Assignment:
Among the entries that follow, locate the line with "После того, как" and the line with "STICKLINE(启动点,0.4,MACD,2,0),COLORYELLOW;". Output those lines and all lines in between, exactly, minus the pictures.
Segment Start: Data
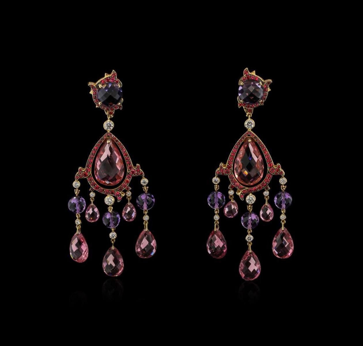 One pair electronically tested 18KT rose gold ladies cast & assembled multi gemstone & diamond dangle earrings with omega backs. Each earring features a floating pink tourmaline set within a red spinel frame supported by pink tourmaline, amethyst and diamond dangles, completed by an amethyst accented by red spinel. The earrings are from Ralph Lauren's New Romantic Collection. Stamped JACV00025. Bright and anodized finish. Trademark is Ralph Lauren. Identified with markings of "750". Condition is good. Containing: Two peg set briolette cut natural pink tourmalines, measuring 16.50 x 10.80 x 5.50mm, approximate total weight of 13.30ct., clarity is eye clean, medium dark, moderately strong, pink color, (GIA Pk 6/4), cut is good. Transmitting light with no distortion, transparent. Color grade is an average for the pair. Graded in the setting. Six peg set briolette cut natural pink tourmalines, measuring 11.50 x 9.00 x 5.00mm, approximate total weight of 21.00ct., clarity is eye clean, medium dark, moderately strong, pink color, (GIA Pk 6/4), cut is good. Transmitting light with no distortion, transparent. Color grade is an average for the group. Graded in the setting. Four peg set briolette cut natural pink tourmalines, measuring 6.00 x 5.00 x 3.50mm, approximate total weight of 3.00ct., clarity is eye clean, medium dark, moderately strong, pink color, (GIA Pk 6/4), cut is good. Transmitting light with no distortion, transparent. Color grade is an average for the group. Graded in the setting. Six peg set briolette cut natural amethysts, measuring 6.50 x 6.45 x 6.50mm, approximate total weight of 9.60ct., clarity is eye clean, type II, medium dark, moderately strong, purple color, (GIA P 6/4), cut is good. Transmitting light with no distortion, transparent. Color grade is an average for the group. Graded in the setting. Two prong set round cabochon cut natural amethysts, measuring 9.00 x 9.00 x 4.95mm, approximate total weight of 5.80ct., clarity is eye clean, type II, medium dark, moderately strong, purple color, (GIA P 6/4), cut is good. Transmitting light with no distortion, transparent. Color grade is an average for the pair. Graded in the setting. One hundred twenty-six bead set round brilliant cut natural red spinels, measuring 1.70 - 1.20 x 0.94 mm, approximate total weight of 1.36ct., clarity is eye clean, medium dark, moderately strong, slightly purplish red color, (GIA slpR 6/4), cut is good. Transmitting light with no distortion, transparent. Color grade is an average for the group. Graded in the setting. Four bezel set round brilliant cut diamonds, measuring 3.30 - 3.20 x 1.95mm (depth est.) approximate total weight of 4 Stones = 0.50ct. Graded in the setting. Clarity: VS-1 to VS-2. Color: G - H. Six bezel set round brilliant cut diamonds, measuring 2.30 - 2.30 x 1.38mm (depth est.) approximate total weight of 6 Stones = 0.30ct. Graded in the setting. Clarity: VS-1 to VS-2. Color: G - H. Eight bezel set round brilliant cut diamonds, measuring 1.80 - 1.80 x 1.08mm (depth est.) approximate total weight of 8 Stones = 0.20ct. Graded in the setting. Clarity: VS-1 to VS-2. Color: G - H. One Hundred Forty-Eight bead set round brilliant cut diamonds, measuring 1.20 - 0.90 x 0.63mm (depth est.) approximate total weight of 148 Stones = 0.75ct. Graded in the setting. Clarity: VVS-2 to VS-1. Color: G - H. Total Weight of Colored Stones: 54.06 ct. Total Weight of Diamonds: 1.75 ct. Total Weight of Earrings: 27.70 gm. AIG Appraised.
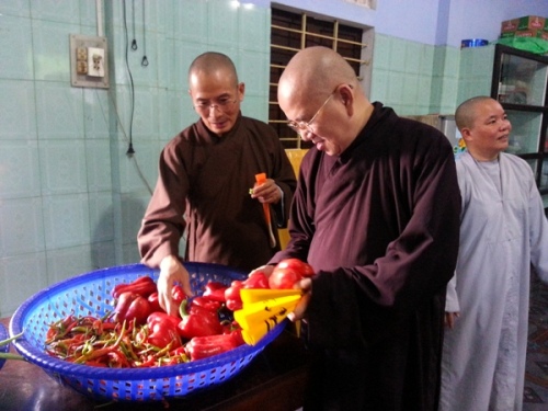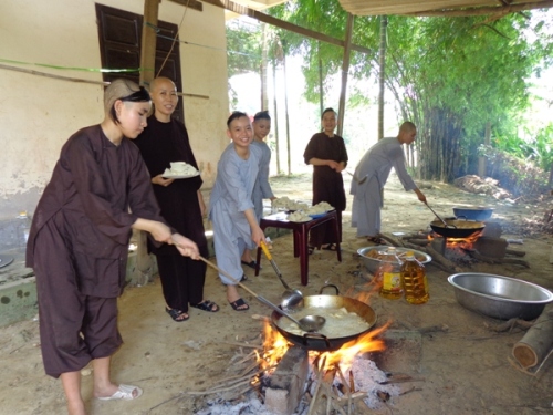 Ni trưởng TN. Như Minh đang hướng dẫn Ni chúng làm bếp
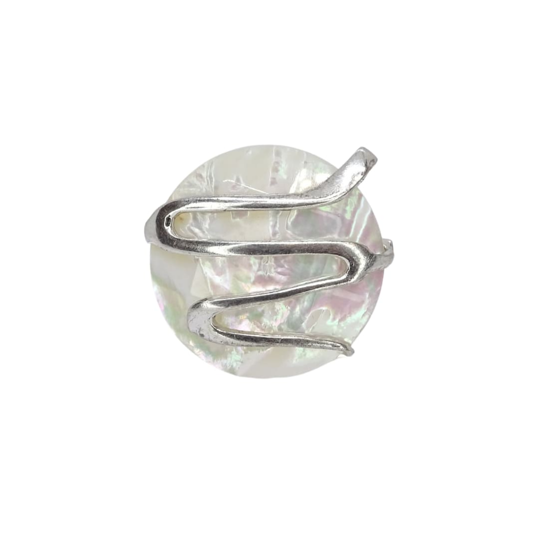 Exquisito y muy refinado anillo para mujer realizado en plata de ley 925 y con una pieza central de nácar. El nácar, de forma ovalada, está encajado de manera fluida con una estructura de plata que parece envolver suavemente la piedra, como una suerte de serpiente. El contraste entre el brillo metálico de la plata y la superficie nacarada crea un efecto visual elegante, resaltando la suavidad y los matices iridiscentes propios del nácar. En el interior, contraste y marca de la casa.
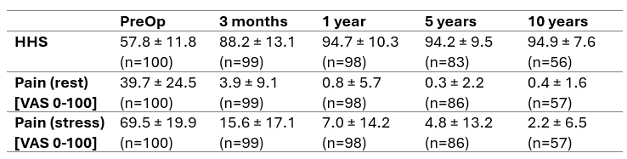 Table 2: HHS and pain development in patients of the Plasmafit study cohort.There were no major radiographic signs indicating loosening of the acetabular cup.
Segment End: Data
Segment Start: Data
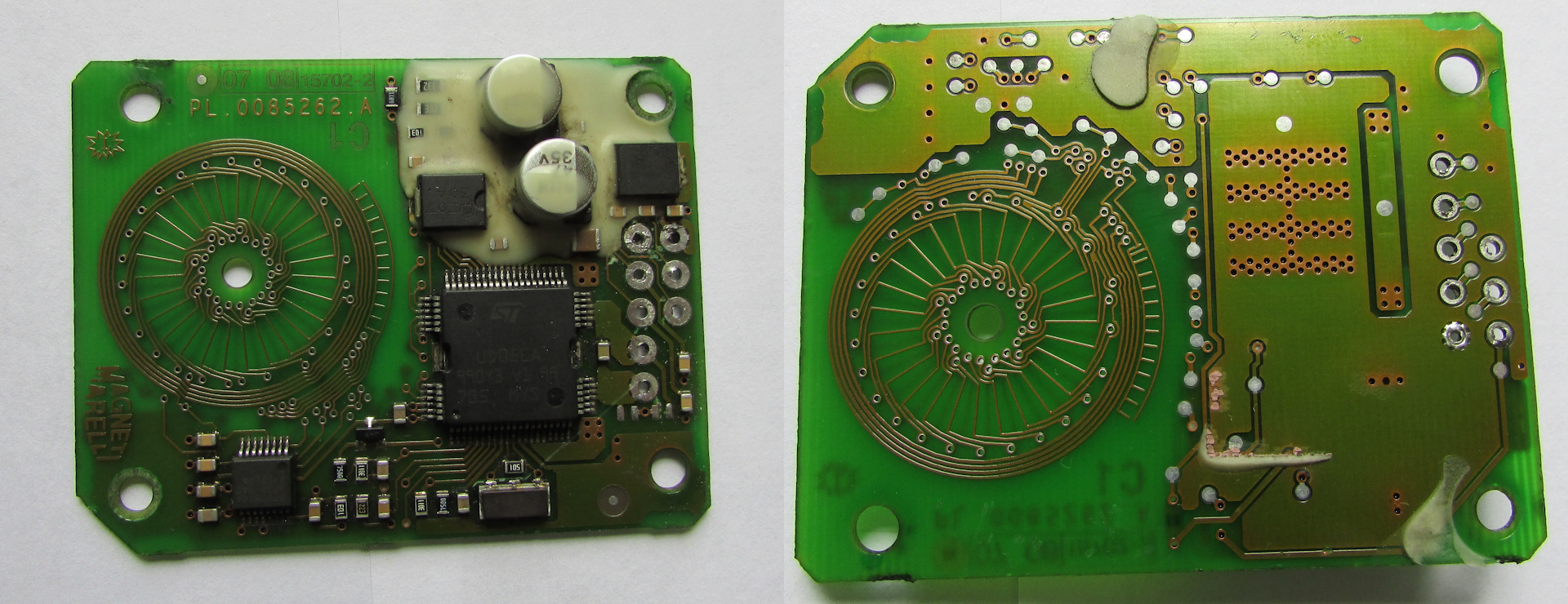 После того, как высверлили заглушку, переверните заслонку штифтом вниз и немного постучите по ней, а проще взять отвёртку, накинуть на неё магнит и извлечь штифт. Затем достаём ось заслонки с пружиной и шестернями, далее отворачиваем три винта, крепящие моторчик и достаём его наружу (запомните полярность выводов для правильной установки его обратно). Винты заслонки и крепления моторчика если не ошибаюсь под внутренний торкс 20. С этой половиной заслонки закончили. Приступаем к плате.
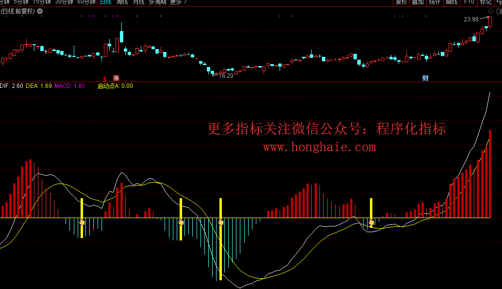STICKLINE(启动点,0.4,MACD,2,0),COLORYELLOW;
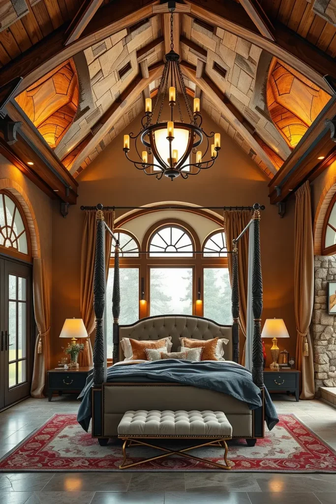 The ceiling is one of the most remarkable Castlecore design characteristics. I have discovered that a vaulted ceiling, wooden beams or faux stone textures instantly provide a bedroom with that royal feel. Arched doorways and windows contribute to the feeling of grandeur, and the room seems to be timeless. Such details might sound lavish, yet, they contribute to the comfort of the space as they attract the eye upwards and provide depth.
Segment End: Data
Solution for this task:
 После того, как высверлили заглушку, переверните заслонку штифтом вниз и немного постучите по ней, а проще взять отвёртку, накинуть на неё магнит и извлечь штифт. Затем достаём ось заслонки с пружиной и шестернями, далее отворачиваем три винта, крепящие моторчик и достаём его наружу (запомните полярность выводов для правильной установки его обратно). Винты заслонки и крепления моторчика если не ошибаюсь под внутренний торкс 20. С этой половиной заслонки закончили. Приступаем к плате.
STICKLINE(启动点,0.4,MACD,2,0),COLORYELLOW;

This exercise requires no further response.